* [What is expected]: Your answer must be the lines from the one containing "启动项目即可看到监听的Spr" through the last line below, copied exactly, with no pictures.

* [Provided material]:
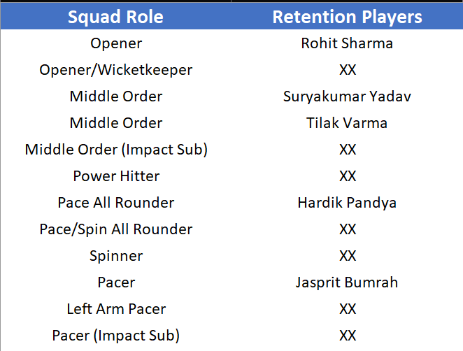 Mumbai Indians Squad Role - Potential Buys and Prices
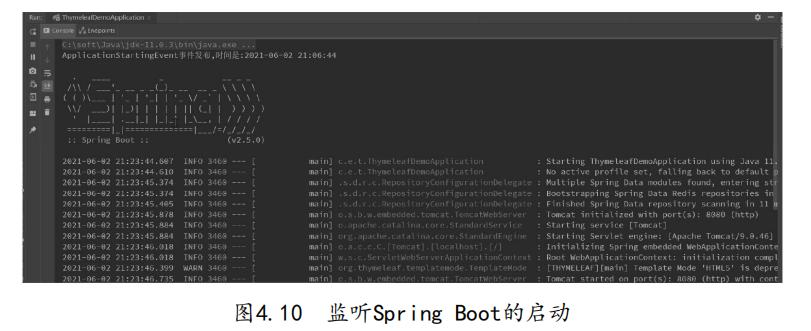 启动项目即可看到监听的Spring Boot启动事件,并在控制台上打印了日志,如图4.10所示。
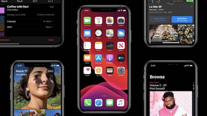 El principal añadido es la inclusión de un nuevo modo oscuro a nivel de sistema, que cambia la paleta de colores de todas las interfaces del sistema operativo y las aplicaciones de la marca. Adquiere especial sentido en los últimos modelos iPhone, que cuentan con pantallas OLED, capaces de apagar los píxeles de forma individual para mostrar un color negro puro.

* [Solution to this task]:
 启动项目即可看到监听的Spring Boot启动事件,并在控制台上打印了日志,如图4.10所示。
 El principal añadido es la inclusión de un nuevo modo oscuro a nivel de sistema, que cambia la paleta de colores de todas las interfaces del sistema operativo y las aplicaciones de la marca. Adquiere especial sentido en los últimos modelos iPhone, que cuentan con pantallas OLED, capaces de apagar los píxeles de forma individual para mostrar un color negro puro.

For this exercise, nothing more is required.